» RECORDS SHOWN
* * * * * * *

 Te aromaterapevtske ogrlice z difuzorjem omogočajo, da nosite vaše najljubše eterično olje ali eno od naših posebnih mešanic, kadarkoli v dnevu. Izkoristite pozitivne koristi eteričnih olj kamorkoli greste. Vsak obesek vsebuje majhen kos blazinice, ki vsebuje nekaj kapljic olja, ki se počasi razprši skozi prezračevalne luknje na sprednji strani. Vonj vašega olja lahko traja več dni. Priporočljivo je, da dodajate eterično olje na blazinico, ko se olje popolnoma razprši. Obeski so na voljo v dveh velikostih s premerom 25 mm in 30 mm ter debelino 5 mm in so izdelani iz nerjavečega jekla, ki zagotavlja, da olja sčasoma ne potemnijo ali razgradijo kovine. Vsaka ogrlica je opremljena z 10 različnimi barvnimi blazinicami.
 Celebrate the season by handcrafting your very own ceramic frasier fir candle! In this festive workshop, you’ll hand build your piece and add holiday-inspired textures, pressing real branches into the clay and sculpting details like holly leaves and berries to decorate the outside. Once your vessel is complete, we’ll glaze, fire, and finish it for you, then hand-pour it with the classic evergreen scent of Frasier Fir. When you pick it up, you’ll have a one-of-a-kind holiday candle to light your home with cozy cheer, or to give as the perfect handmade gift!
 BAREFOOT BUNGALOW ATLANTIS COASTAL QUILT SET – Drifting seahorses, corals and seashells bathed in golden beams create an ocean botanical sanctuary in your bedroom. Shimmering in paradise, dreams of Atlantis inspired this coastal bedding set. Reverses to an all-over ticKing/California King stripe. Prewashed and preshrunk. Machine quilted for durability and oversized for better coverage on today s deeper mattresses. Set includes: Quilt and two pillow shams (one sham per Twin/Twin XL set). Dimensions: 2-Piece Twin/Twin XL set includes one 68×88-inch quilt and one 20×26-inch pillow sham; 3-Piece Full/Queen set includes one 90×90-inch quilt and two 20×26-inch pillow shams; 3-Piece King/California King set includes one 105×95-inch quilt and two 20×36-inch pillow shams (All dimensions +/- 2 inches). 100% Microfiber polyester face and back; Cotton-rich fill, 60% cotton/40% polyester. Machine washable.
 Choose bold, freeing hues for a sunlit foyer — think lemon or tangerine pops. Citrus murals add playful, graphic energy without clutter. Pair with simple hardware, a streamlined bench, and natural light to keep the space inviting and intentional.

* * * * * * *

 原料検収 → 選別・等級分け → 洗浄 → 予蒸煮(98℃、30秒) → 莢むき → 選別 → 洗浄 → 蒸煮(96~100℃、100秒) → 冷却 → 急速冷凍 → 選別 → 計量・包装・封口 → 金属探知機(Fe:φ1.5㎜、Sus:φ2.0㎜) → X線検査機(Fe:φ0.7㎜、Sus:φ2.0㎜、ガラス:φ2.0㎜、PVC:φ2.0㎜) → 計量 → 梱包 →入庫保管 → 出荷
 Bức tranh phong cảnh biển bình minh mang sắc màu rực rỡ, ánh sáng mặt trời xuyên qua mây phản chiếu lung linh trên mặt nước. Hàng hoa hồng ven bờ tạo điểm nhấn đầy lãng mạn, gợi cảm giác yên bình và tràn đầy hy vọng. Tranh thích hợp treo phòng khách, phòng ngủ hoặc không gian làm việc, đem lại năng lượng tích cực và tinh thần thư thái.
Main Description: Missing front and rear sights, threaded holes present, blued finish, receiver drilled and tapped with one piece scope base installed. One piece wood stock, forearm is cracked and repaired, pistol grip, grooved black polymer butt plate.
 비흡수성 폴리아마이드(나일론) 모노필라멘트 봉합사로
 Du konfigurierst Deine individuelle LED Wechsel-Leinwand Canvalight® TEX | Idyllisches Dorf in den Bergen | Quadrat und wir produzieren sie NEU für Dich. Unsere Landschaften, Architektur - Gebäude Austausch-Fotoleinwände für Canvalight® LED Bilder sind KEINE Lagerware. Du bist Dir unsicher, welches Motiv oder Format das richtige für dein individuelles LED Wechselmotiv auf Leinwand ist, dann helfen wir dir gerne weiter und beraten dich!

* * * * * * *

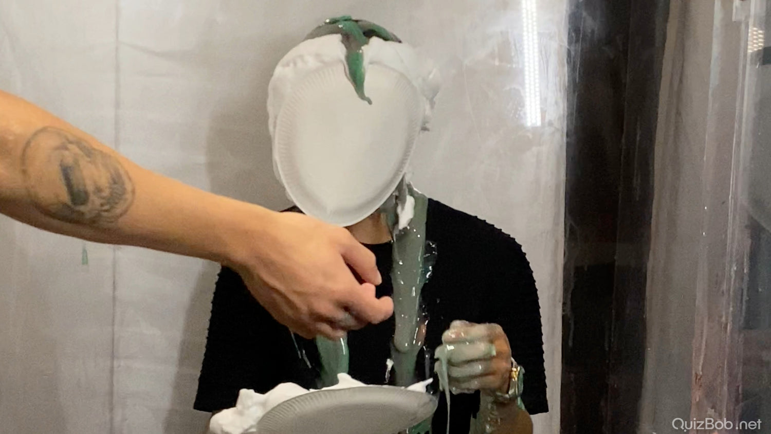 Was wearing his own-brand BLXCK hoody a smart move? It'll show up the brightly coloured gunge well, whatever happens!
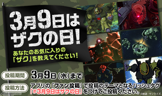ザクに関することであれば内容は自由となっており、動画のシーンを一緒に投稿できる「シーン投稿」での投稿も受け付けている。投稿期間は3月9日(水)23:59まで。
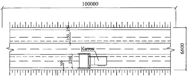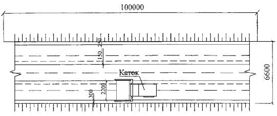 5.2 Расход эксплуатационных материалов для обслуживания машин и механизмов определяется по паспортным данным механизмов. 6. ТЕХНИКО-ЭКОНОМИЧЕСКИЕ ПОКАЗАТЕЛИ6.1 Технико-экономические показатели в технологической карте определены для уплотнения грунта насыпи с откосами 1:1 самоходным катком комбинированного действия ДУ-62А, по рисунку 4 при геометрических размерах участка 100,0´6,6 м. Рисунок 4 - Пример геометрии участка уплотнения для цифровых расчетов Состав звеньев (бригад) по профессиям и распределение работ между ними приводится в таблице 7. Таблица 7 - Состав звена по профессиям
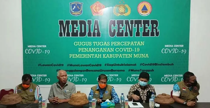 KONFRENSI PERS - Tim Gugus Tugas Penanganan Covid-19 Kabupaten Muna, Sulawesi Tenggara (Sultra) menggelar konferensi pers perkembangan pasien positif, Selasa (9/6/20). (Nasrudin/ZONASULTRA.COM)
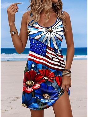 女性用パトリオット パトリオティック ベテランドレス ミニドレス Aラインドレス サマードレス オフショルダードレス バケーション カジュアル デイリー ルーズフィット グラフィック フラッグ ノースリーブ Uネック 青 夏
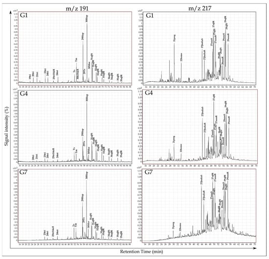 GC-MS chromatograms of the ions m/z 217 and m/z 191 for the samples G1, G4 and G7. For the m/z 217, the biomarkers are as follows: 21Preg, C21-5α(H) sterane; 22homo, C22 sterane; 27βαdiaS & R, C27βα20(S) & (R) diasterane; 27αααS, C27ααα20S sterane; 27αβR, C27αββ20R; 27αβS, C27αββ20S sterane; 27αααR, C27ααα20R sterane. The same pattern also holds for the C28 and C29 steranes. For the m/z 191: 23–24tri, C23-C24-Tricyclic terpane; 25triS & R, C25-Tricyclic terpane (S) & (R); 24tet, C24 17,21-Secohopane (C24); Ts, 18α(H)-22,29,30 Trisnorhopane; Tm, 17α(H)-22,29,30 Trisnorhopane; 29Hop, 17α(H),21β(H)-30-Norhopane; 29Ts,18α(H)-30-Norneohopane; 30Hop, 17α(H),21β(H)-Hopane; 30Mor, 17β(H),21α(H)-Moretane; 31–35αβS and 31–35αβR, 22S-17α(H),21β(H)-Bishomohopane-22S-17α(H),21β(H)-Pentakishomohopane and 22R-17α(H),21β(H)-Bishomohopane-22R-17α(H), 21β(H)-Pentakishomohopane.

* * * * * * *

» TASK OBJECTIVE
All lines above from the one with "原料検収 → 選別・等級分け" to the one with "Bức tranh phong", inclusive, should be copied exactly, and no other lines.

» SOLUTION FOR THIS PROBLEM
 原料検収 → 選別・等級分け → 洗浄 → 予蒸煮(98℃、30秒) → 莢むき → 選別 → 洗浄 → 蒸煮(96~100℃、100秒) → 冷却 → 急速冷凍 → 選別 → 計量・包装・封口 → 金属探知機(Fe:φ1.5㎜、Sus:φ2.0㎜) → X線検査機(Fe:φ0.7㎜、Sus:φ2.0㎜、ガラス:φ2.0㎜、PVC:φ2.0㎜) → 計量 → 梱包 →入庫保管 → 出荷
 Bức tranh phong cảnh biển bình minh mang sắc màu rực rỡ, ánh sáng mặt trời xuyên qua mây phản chiếu lung linh trên mặt nước. Hàng hoa hồng ven bờ tạo điểm nhấn đầy lãng mạn, gợi cảm giác yên bình và tràn đầy hy vọng. Tranh thích hợp treo phòng khách, phòng ngủ hoặc không gian làm việc, đem lại năng lượng tích cực và tinh thần thư thái.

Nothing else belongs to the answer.